▶ [What the exercise asks]
Would you copy the listing below exactly, keeping the pictures out?

▶ [Recorded data]

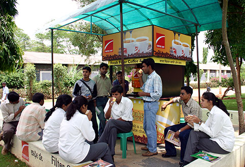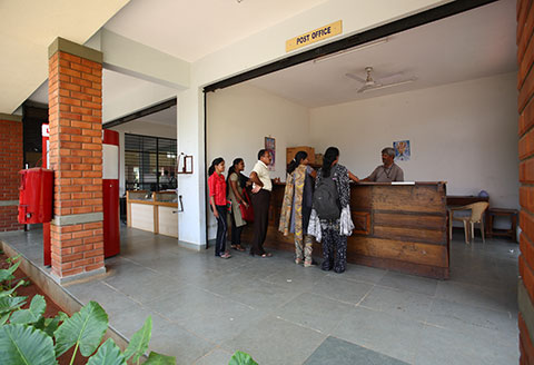 A Syndicate bank having floor area of 250smt is suited in the entrance of the college campus. It provides basic needs for the students, staff & campus inmates. The facility extend by the bank are ATM & locker facility beyond its regular facilities.
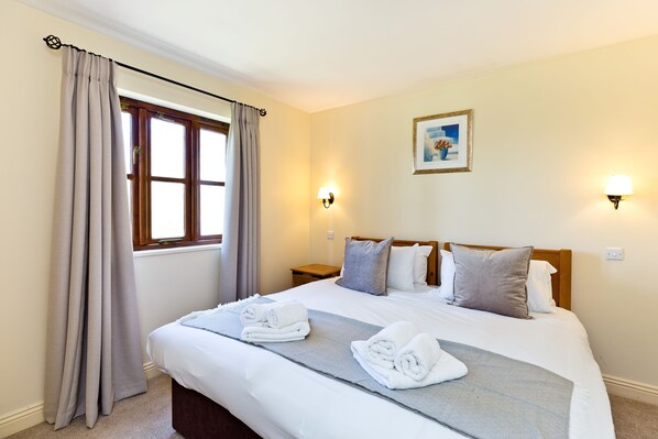 Bedroom 1 - super king or twin beds & TV, plus en suite shower. Bedroom 2 - king or twin beds Family bathroom. Open plan lounge/kitchen/dining with French doors opening out onto a decked balcony with outdoor seating.
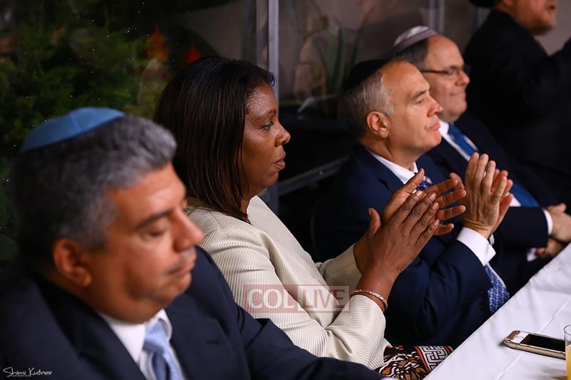 Elected representatives and officials at all levels of the New York government participated in the annual Sukkos party hosted by Crown Heights activist Chanina Sperlin on Tuesday night.
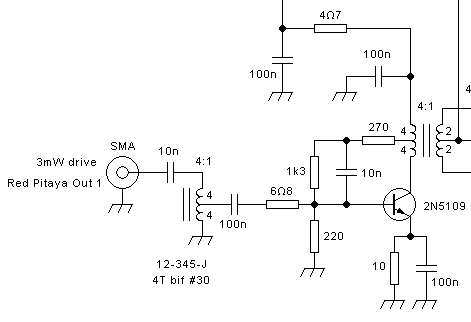drive current the Red Pitaya's 50Ω output is transformed down in a 4:1

▶ [Response for this exercise]
 A Syndicate bank having floor area of 250smt is suited in the entrance of the college campus. It provides basic needs for the students, staff & campus inmates. The facility extend by the bank are ATM & locker facility beyond its regular facilities.
 Bedroom 1 - super king or twin beds & TV, plus en suite shower. Bedroom 2 - king or twin beds Family bathroom. Open plan lounge/kitchen/dining with French doors opening out onto a decked balcony with outdoor seating.
 Elected representatives and officials at all levels of the New York government participated in the annual Sukkos party hosted by Crown Heights activist Chanina Sperlin on Tuesday night.
drive current the Red Pitaya's 50Ω output is transformed down in a 4:1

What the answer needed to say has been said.